[Stored data]
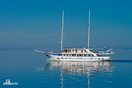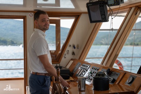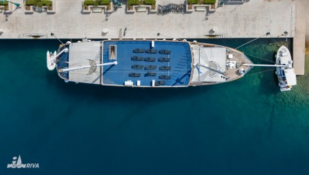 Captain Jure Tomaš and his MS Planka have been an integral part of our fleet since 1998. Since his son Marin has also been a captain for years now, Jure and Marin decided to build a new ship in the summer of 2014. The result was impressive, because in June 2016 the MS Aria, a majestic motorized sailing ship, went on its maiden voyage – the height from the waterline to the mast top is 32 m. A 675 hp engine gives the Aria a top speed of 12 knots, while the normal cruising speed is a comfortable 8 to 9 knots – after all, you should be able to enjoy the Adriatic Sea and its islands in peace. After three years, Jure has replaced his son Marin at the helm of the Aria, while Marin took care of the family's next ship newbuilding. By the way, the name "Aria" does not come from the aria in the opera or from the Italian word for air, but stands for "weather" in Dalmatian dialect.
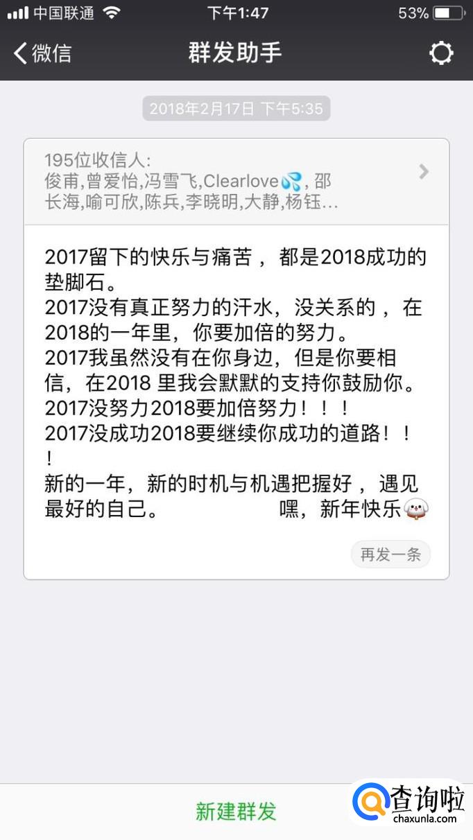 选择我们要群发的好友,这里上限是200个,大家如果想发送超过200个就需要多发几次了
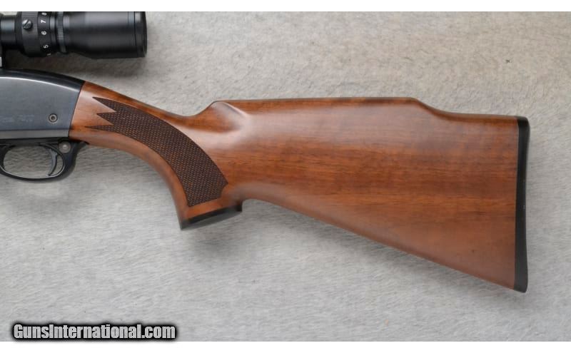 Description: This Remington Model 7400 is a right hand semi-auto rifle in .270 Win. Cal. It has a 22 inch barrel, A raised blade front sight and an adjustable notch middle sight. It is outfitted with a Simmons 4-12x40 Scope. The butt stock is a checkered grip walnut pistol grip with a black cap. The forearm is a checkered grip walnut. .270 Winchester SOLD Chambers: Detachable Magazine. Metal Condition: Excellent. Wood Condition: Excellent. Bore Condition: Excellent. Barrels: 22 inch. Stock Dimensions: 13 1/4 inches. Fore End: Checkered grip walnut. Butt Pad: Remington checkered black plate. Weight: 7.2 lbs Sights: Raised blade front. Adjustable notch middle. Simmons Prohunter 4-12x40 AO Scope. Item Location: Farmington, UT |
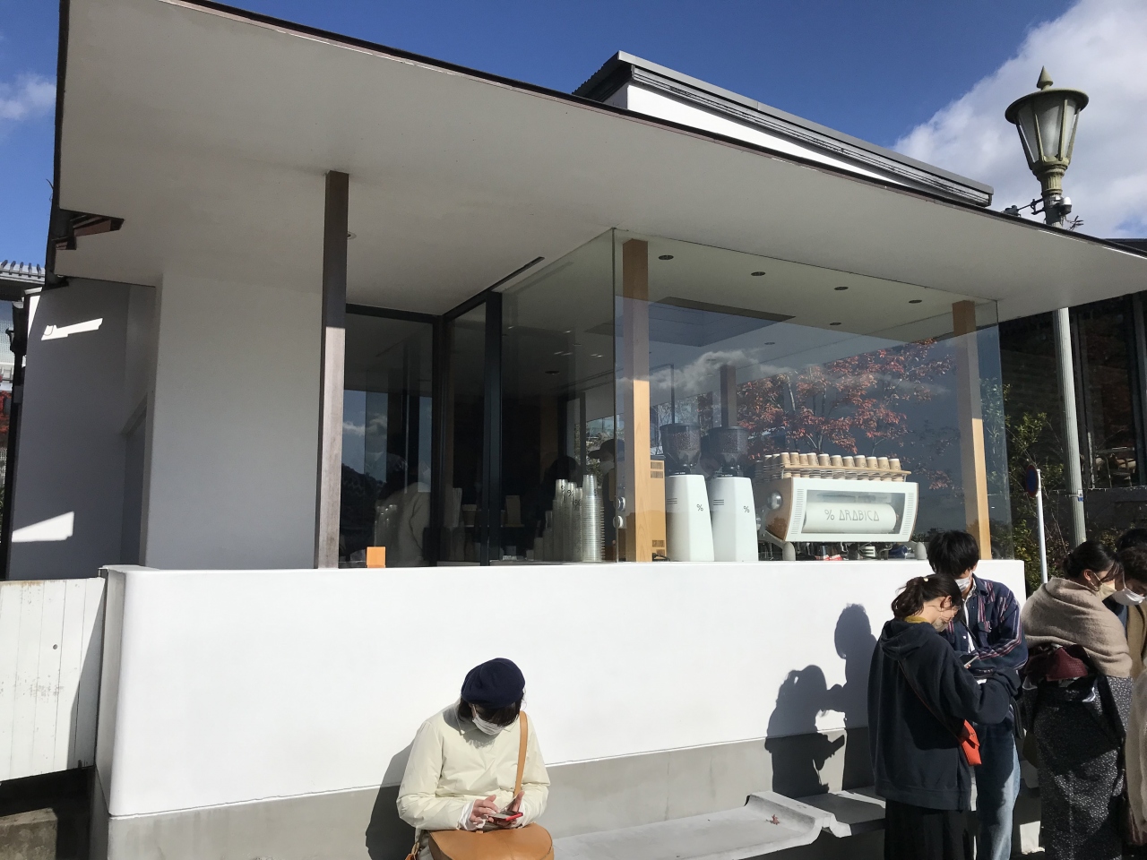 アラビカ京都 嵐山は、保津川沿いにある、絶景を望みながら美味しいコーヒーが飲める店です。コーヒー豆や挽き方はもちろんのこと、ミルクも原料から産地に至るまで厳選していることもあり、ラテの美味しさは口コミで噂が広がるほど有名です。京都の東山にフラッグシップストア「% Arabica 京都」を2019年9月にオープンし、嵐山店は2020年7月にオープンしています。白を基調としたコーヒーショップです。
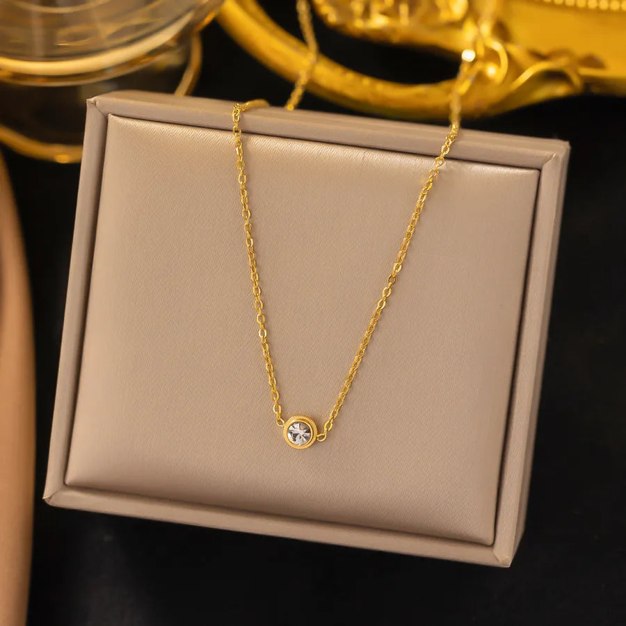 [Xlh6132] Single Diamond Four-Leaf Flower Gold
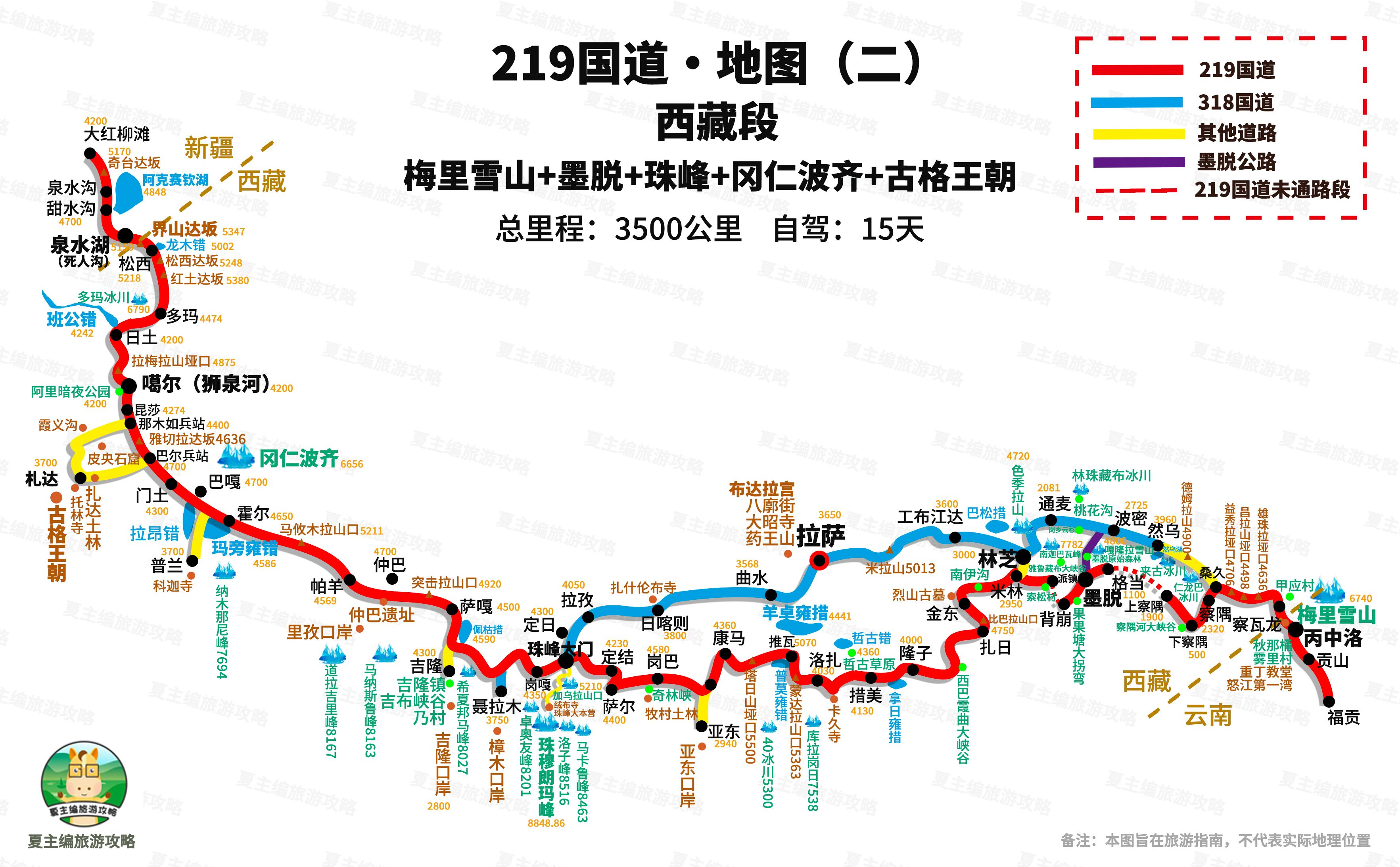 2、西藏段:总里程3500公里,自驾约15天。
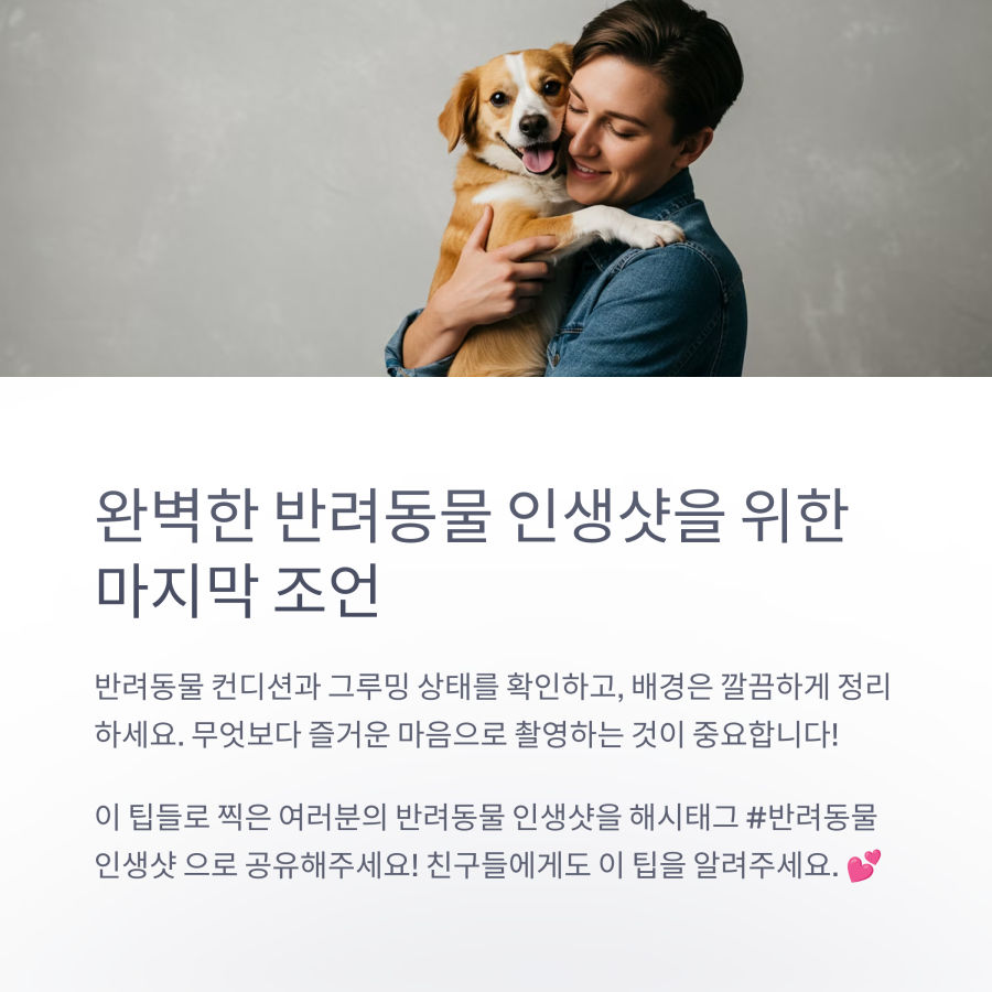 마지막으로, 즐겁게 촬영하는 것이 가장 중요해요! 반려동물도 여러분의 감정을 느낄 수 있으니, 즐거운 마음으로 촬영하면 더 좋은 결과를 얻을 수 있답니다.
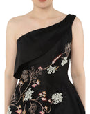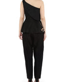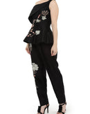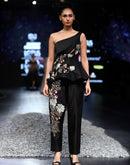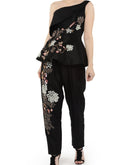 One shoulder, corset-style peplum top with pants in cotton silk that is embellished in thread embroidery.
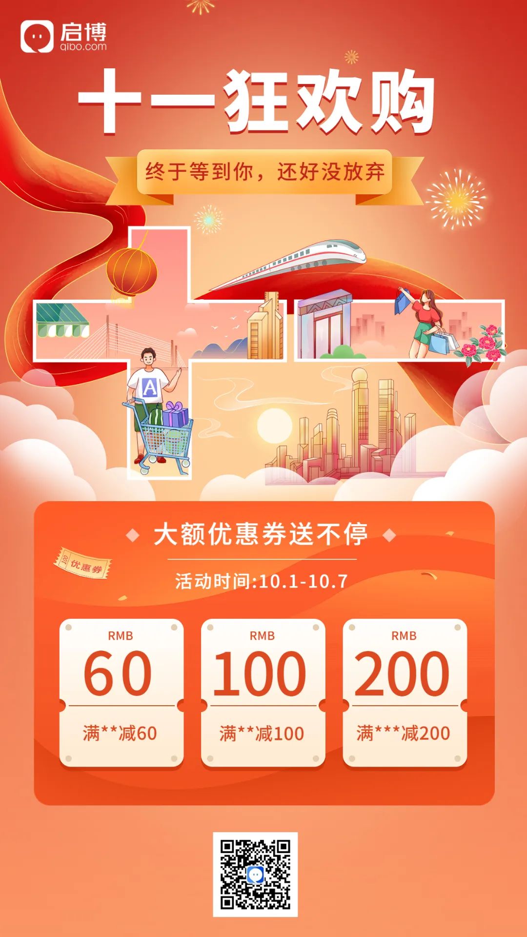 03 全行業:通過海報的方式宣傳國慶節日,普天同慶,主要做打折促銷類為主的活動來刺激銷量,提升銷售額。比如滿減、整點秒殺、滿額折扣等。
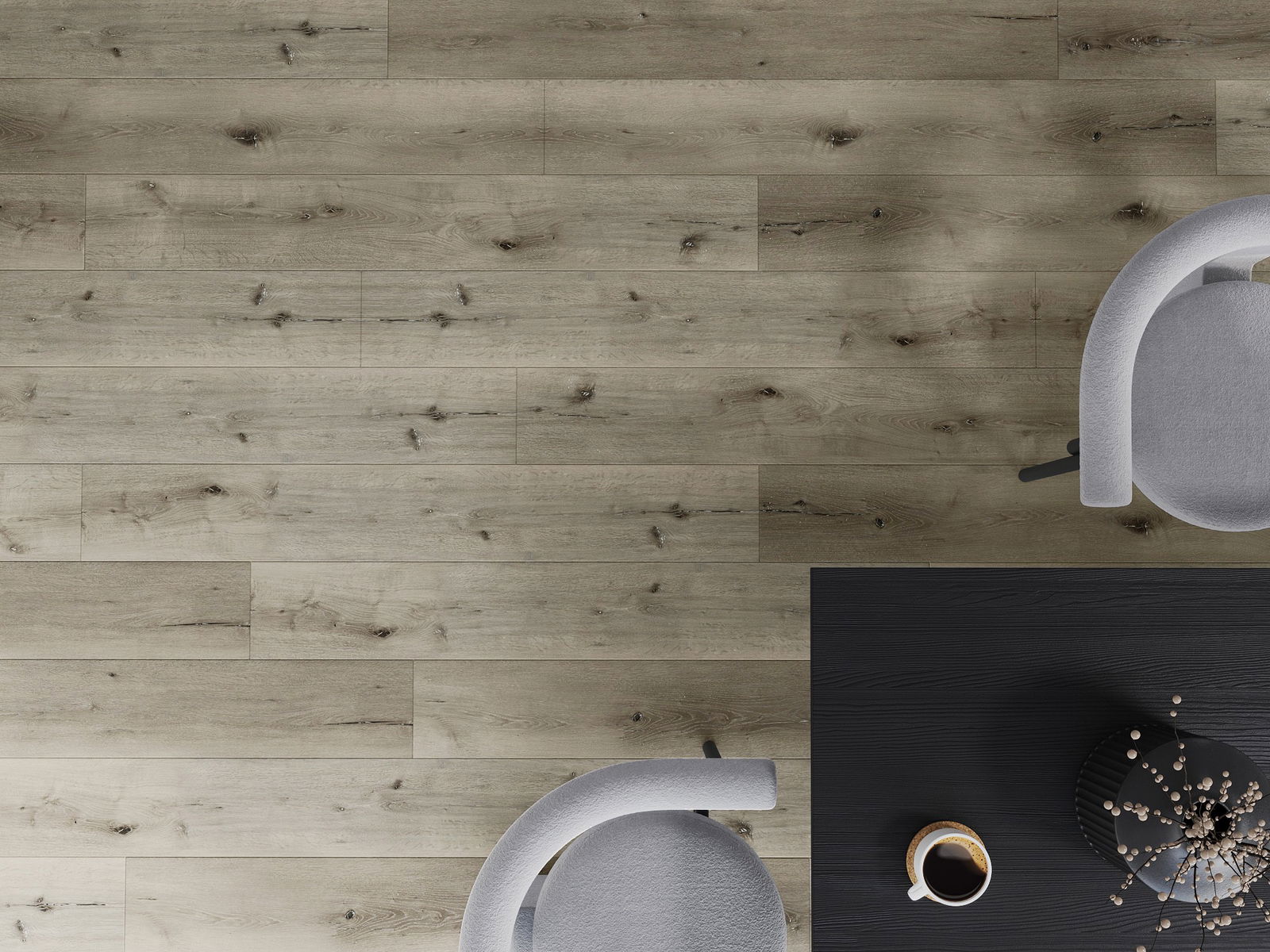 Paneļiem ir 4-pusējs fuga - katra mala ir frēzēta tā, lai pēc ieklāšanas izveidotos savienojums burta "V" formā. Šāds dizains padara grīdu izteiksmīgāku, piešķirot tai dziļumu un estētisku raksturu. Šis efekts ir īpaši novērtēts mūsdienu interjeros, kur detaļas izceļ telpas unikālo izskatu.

[PROBLEM TO SOLVE]
Beginning with the first line of the records and ending with the line that contains "2、西藏段:总里程3500公里,自驾约15天。", reproduce every line exactly, omitting pictures and adding nothing.

[EXERCISE RESULT]
 Captain Jure Tomaš and his MS Planka have been an integral part of our fleet since 1998. Since his son Marin has also been a captain for years now, Jure and Marin decided to build a new ship in the summer of 2014. The result was impressive, because in June 2016 the MS Aria, a majestic motorized sailing ship, went on its maiden voyage – the height from the waterline to the mast top is 32 m. A 675 hp engine gives the Aria a top speed of 12 knots, while the normal cruising speed is a comfortable 8 to 9 knots – after all, you should be able to enjoy the Adriatic Sea and its islands in peace. After three years, Jure has replaced his son Marin at the helm of the Aria, while Marin took care of the family's next ship newbuilding. By the way, the name "Aria" does not come from the aria in the opera or from the Italian word for air, but stands for "weather" in Dalmatian dialect.
 选择我们要群发的好友,这里上限是200个,大家如果想发送超过200个就需要多发几次了
 Description: This Remington Model 7400 is a right hand semi-auto rifle in .270 Win. Cal. It has a 22 inch barrel, A raised blade front sight and an adjustable notch middle sight. It is outfitted with a Simmons 4-12x40 Scope. The butt stock is a checkered grip walnut pistol grip with a black cap. The forearm is a checkered grip walnut. .270 Winchester SOLD Chambers: Detachable Magazine. Metal Condition: Excellent. Wood Condition: Excellent. Bore Condition: Excellent. Barrels: 22 inch. Stock Dimensions: 13 1/4 inches. Fore End: Checkered grip walnut. Butt Pad: Remington checkered black plate. Weight: 7.2 lbs Sights: Raised blade front. Adjustable notch middle. Simmons Prohunter 4-12x40 AO Scope. Item Location: Farmington, UT |
 アラビカ京都 嵐山は、保津川沿いにある、絶景を望みながら美味しいコーヒーが飲める店です。コーヒー豆や挽き方はもちろんのこと、ミルクも原料から産地に至るまで厳選していることもあり、ラテの美味しさは口コミで噂が広がるほど有名です。京都の東山にフラッグシップストア「% Arabica 京都」を2019年9月にオープンし、嵐山店は2020年7月にオープンしています。白を基調としたコーヒーショップです。
 [Xlh6132] Single Diamond Four-Leaf Flower Gold
 2、西藏段:总里程3500公里,自驾约15天。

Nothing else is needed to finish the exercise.